Owing to problems with long, deferred contracts far above market value for players such as Tom Barrasso that could not hold up due to lower revenues, the team went into financial disarray to the point of bankruptcy in which the debt went to $124 million that exceeded their estimated value of $75 million to $95 million. Baldwin recruited Roger Marino, a Boston investor to join the ownership. Baldwin was no longer owner in February 1998.

In 1999, he formed Manchester Hockey Group LLC, while in the process of moving a dormant AHL franchise to New Hampshire to start play in 2001. On June 14, 2000, the Los Angeles Kings bought the team from Baldwin's group; the Manchester Monarchs played in the AHL from 2001 to 2015.

As early as 2003, Baldwin wanted to have financial control of the Hartford Wolf Pack of the AHL, but the New York Rangers rejected his overtures. In 2009, Baldwin founded Hartford Hockey LLC, better known as Whalers Sports & Entertainment, to promote ice hockey throughout Connecticut. In August 2010, Whalers Sports and Entertainment was hired by the NHL's New York Rangers to manage the day-to-day business and marketing affairs for their AHL affiliate the Hartford Wolf Pack. As part of the marketing agreement, the minor league team was renamed the Connecticut Whale, as a tribute to the former Hartford Whalers team. In June 2012, after less than two years, the Rangers ended their association with Baldwin and his company after they ran up a debt of almost $3 million and had about 15 court cases against them.

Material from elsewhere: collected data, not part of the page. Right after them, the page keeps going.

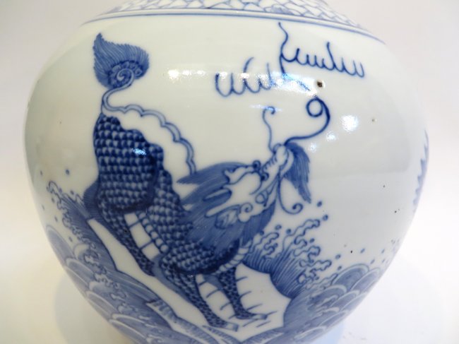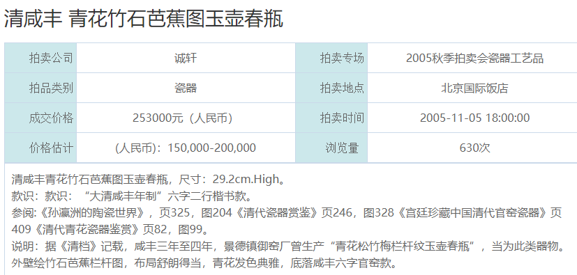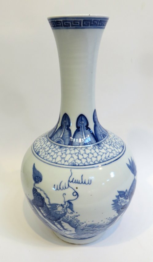 咸丰青花天球瓶 高: 42cm, 最大直径: 21cm. 此青花瓶属于比较大的欣赏瓷器,造型既典型又有所开创,画面具有宫廷画派的特点,极具欣赏价值。画面由青花双圈线分为三部分,底部主画面是五只瑞兽和海花纹饰,瑞兽形态各异,似奔腾跳跃;瓶肩部有似小碎石的图纹装饰,靠近瓶颈底部有一圈变型芭蕉叶纹装饰;瓶口有回纹装饰。画功精细,青花色彩纯正,层次丰富;胎质白净;底部修整规则,落“大清咸丰年制”青花款。 咸丰官窑青花瓷款识,以楷书为主,字体柔美秀丽,一般没有圈或框,多数是青花“大清咸丰年制”六字楷书款,堂名款很少。 咸丰期间,景德镇曾经被迫停烧,咸丰的瓷器就极少。从收藏角度上讲,反而凸显价值。为什么?少!带有“大清咸丰年制”款的瓷器特别少,。 清咸丰年间战乱较多,因此咸丰瓷器的传世品不多,官窑瓷器就更少。这件咸丰年间官窑烧制的青花瓷器具有较高的艺术价值和收藏价值。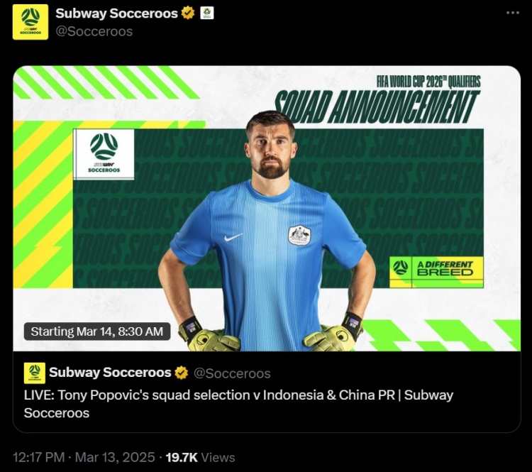 發(fā)布時(shí)間:2025年03月13日 19:50點(diǎn)擊:欄目:足球新聞 3月13日訊 官方消息,澳大利亞主帥波波維奇將在明日上午八點(diǎn)半公布最新一期國家隊(duì)名單。本月世預(yù)賽,澳大利亞將主場戰(zhàn)印尼,客場對陣中國隊(duì)。 除特別注明外,本站所有內(nèi)容均為九球直播整理排版,轉(zhuǎn)載請注明出處:將戰(zhàn)國足!官方:澳大利亞新一期名單明日上午8:30公布 本文標(biāo)簽: 足球 中國足球 澳大利亞 五洲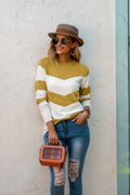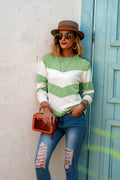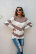 Ontdek de Dames Gebreide Trui Wolmix met Zigzagpatroon, een stijlvolle en comfortabele keuze voor elke vrouw. Deze relaxed fit trui, vervaardigd uit een zachte wolmix, heeft een trendy zigzagpatroon en lange mouwen, perfect voor warmte en een chique casual look.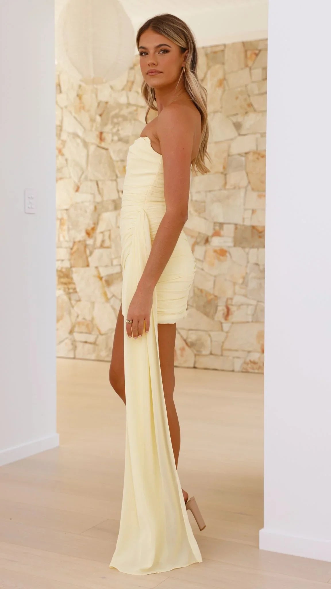 Featuring a subtle scooped neckline, boning in the bodice and a flowing sash, our Night Lover Dress is the ideal choice for a fun and flirty wedding look.

Baldwin licensed the name Connecticut Whale to a franchise of the Premier Hockey Federation, a founding member of the 2015 upstart league.

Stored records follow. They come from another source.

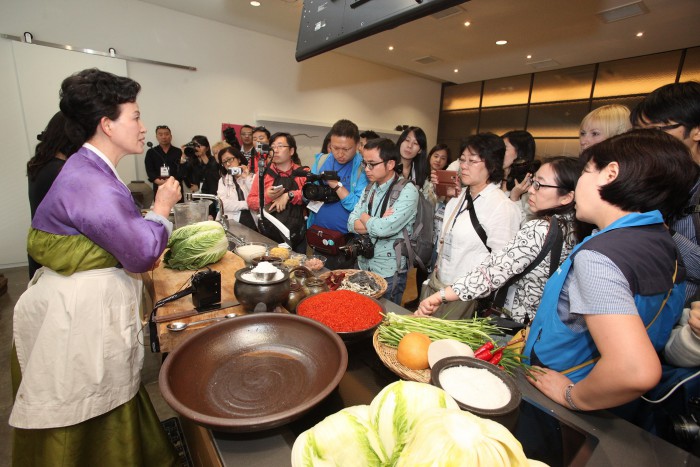 또한, 어린이 눈높이에 맞춰 전시 해설을 제공하는 '박물관 학교'를 신설, 매일 운영 중이다.지난해 5월 이하연 김치명인(사진 맨왼쪽)이 뮤지엄김치간을 방문한 80여명의 해외 언론사 기자와 여행사 관계자를 대상으로 '통배추김치 담그기'를 시연하고 있다.<사진제공=뮤지엄김치간>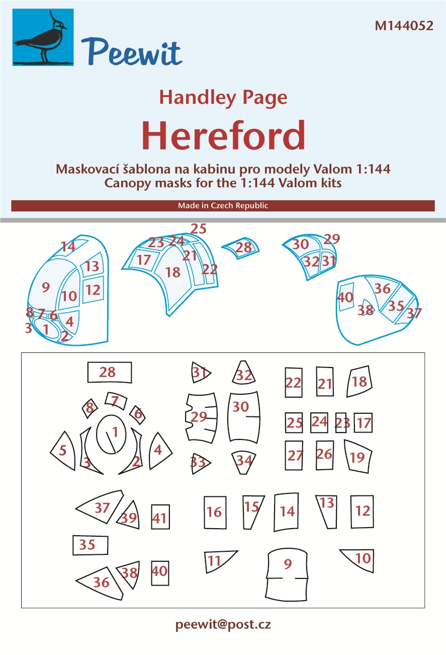 PEEWIT - 1/144 Canopy mask Handley Page Hereford for Valom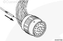將機油壓力開關電纜觸點插入 OEM 線束的 23-針 Deuts c h OEM 接頭的插孔 K ,直到它卡入接頭。

====Whalers Hockey Fest====
In the early 2010s Baldwin organized the "Whalers Hockey Fest", an outdoor ice hockey festival which featured "up to 20 minor league, college, high school, and youth hockey games at a rink...built at Rentschler Field, the University of Connecticut's football stadium in East Hartford".

===Honors===
The WHA's Robert Schmertz Memorial Trophy was originally named the Howard Baldwin Trophy in his honor. In 2010, he was elected as an inaugural inductee into the World Hockey Association Hall of Fame in the builders category.

==Baldwin Entertainment Group==

In addition to his interest in professional hockey, Baldwin has also pursued a career in film as a producer with his wife and producing partner, Karen Mulvihill Baldwin. The Baldwins produced such films as Mystery, Alaska, Odd Man Rush, Sudden Death, From the Hip, Spellbinder, and Joshua, among others. In 1999, Baldwin co-founded GoCoverage.com with Steve Tisch and Jon Avnet, but soon collapsed. In 2000, he started Crusader Entertainment, but left in 2004 to start Baldwin Entertainment Group.